Les entreprises ont déclaré qu’elles cherchaient à pourvoir des postes à tous les niveaux, depuis les apprentis jusqu’aux cadres en fin de carrière. Les ingénieurs, développeurs de logiciels et analystes en cybersécurité ainsi que les soudeurs et mécaniciens sont recherchés.
Antonio Liotti, directeur des ressources humaines du champion italien de la défense Leonardo, a déclaré que l’entreprise menait « une recherche intense de nouvelles recrues, encore plus intense que lors des conflits précédents comme l’Irak ou l’Afghanistan ».
L’entrepreneur, qui fait partie du programme trinational avec BAE Systems au Royaume-Uni et le japonais Mitsubishi Heavy Industries pour construire un nouvel avion de combat, envisage d’embaucher 6 000 nouveaux employés, remplacements compris, d’ici fin 2024. Il prévoit de recruter pour 8 000 à 10 000 nouveaux postes entre 2025 et 2028, notamment d’ingénieurs industriels et logiciels.
La recherche de nouvelles recrues, a ajouté Liotti, n’était pas seulement motivée par le conflit mais aussi par une concurrence accrue de la part d’industries adjacentes telles que « les entreprises de haute technologie et les cabinets de conseil ». D’autres facteurs, notamment les personnes recherchant un meilleur équilibre entre vie professionnelle et vie privée et un « arrêt tranquille », jouaient également un rôle.
Les entreprises qui produisent des munitions, notamment Rheinmetall et Nammo, qui ont dû augmenter considérablement leur production pour reconstituer les stocks gouvernementaux, sont parmi celles qui ont les plans d’embauche les plus agressifs.
Nammo a déclaré qu’elle n’avait « jamais vu une situation comme celle-ci auparavant ». L’entreprise, qui appartient en partie aux gouvernements norvégien et finlandais, a augmenté ses effectifs de 15 pour cent, passant de 2 700 en 2021 à 3 100 en 2023. Elle emploie actuellement environ 3 250 personnes et annonce un « doublement de la taille de l’entreprise ». [by the end of] 2030 semble raisonnable ».
L’allemand Rheinmetall a annoncé vendredi qu’il cherchait à embaucher des centaines d’employés chez le principal fabricant de pièces automobiles Continental, qui souffre d’une demande anémique dans le secteur automobile.
Le français Thales, qui fabrique le missile à épaule Starstreak offert à l’Ukraine à partir des stocks des gouvernements occidentaux, a déclaré avoir recruté 9 000 personnes, soit 11 % de son effectif actuel de 81 000 personnes, dans ses opérations de défense au cours des trois dernières années.
BAE a considérablement accéléré le recrutement l’année dernière, mais avait déjà intensifié ses embauches pour mener à bien des programmes à long terme tels que le Global Combat Air Program et les frégates Type 26 de la Royal Navy.
Au Royaume-Uni, « nous avons doublé nos effectifs en début de carrière au cours des cinq dernières années et recrutons cette année environ 2 700 apprentis et diplômés ainsi que des milliers d’autres professionnels expérimentés », a déclaré Tania Gandamihardja, directrice des ressources humaines du groupe de l’entreprise.

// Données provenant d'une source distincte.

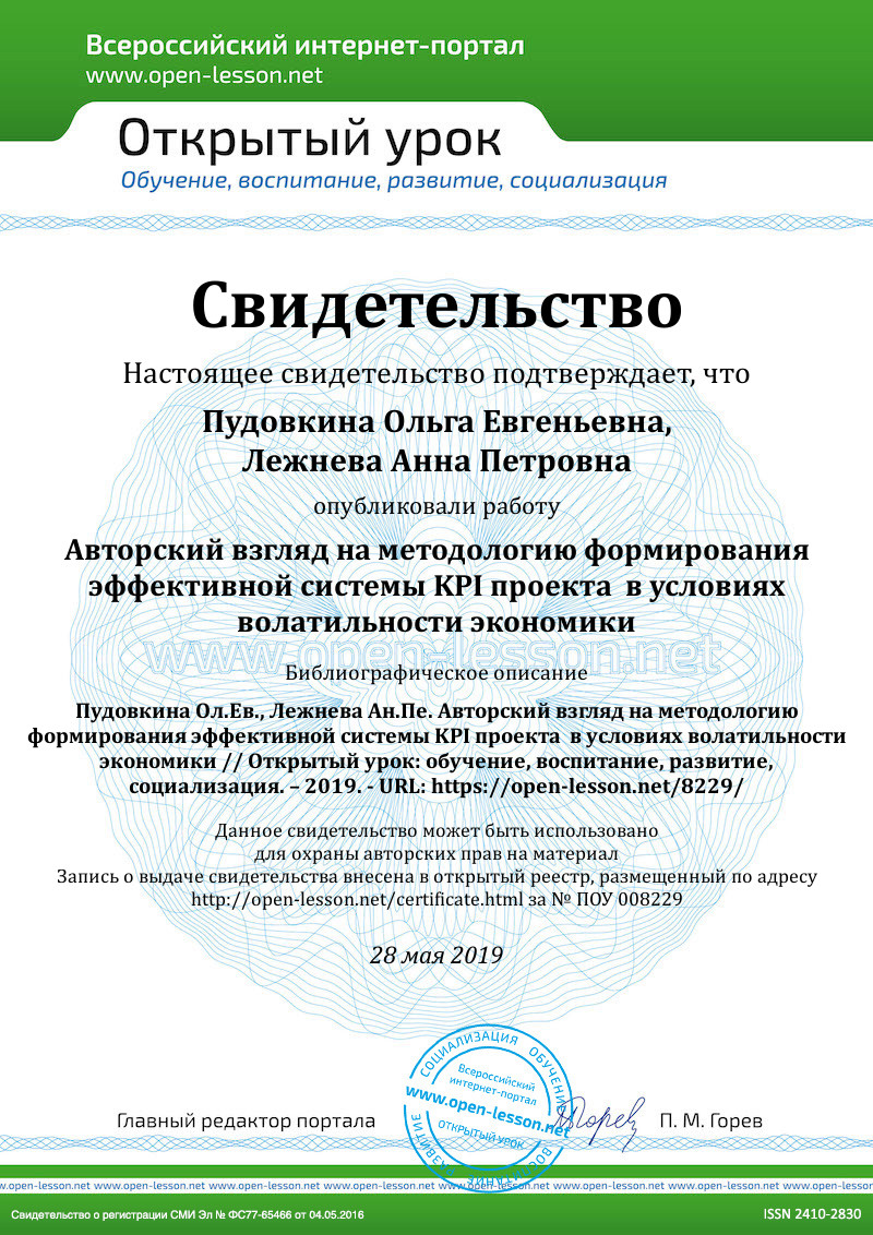 - Палаткина А. В., Степанова Н. И. Ошибки, возникающие при создании и внедрении системы ключевых показателей // Научный вестник Московского государственного технического университета гражданской авиации. 2012. № 181. С. 94–97.

Le champion européen des missiles MBDA, propriété de BAE, Airbus et Leonardo, qui fabrique les missiles aéroportés Storm Shadow et Scalp, utilisés avec des effets dévastateurs en Ukraine, prévoit d’embaucher plus de 2 600 personnes cette année, soit 17 pour cent de son effectif actuel de 15 000.
Dassault Aviation, qui construit l’avion de combat Rafale, n’a pas enregistré d’augmentation directe des commandes en provenance d’Ukraine, mais, compte tenu de la longueur des cycles de fabrication du secteur, a régulièrement recruté du personnel.

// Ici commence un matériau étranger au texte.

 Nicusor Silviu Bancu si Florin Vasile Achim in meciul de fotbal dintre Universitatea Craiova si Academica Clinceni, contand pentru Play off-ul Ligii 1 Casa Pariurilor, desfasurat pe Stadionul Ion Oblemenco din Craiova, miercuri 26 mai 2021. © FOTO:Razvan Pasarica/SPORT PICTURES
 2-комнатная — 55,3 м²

Les fabricants de défense nucléaire, en particulier ceux impliqués dans le programme trilatéral de sous-marins Aukus entre le Royaume-Uni, les États-Unis et l’Australie, sont parmi ceux qui connaissent la plus forte pénurie de compétences.

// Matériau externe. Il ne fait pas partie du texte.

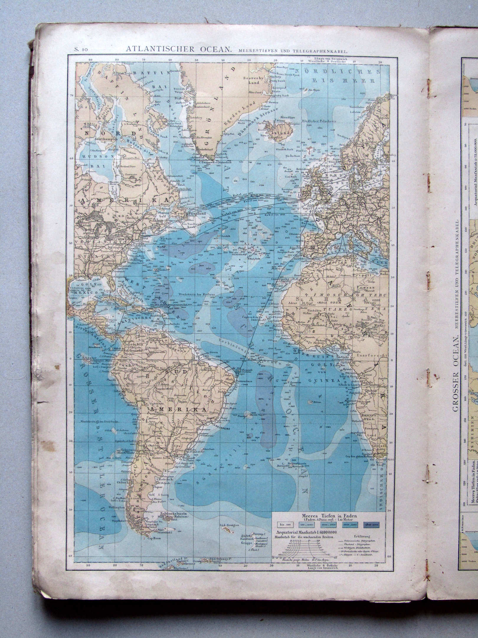 S.10. Atlantischer Ocean. Meerestiefen und Telegraphenkabel

Plusieurs sociétés, dont Rolls-Royce et Babcock International, ont récemment ouvert leurs propres académies de compétences nucléaires tandis que Thales UK, qui fournit des sonars pour tous les sous-marins de la Royal Navy, a lancé une académie de sonars.
Le gouvernement britannique a lancé séparément un groupe de travail sur les compétences nucléaires pour former les dizaines de milliers de travailleurs nécessaires aux programmes nucléaires civils et militaires du pays.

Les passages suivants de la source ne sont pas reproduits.